# My partially blind pet pigeon



## treebeard (Oct 2, 2010)

The parents are notable flyers (roller crosses) and abandoned a 3 day-old chick. I raised the chick, at first, using the home-made mac milk recipe listed on here, then switched to Kaytee Exact. I also have guineas (who are also imprinted on me), so chick starter for the recipe was no problem. The guineas are grown, but will follow me around everywhere outside and will jump in my lap when ever I sit down.

Getting back to the pigeon, I first named the chick Gay (as in Enola Gay, other chicks from these parents are A-10 Warthog, who was an ugly looking baby, but turned out to be the most handsome fella in my loft, and F-17). Anyways, Gay is currently weaning and I raised Gay with the intent of putting him or her back in my loft with the other birds. As Gay grew, I noticed that one eye was smaller and inset than the other. In the light it looked eerie and hollow. Gay is blind in that eye. 

As soon as Gay could fly, he/she follows me around everywhere now and enjoys nothing more than sleeping on me and can be petted for hours on end. We both go down to take care of the other birds. The other birds approach Gay, but as soon as they see that spooky eye, it's "YEEE!".

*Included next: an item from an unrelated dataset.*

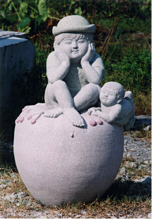 Stone sculpture titled “A Village of Creative Boys” (Stone used: “fine grain Hanazawa stone (gray granite)” from Aichi Prefecture)

Right now, Gay has free-flight of most of the house, I'll have to make some sort of containment for when I'm away. Even a half-blind pigeon is a more graceful flyer than any of my guineas. They remind me of a drunk C-130 trying to fly.


----------



## TAWhatley (Mar 6, 2001)

Gay sounds like a most wonderful and much loved pigeon!

Terry


----------



## Crazybird (Jul 13, 2013)

Interesting names. I detect a subtle interest in military planes. I can relate, my dad was a boom operator on a KC-135 and after he passed we named our German Shepard Boomer. We also have new pigeon babies Maverick & Goose.


----------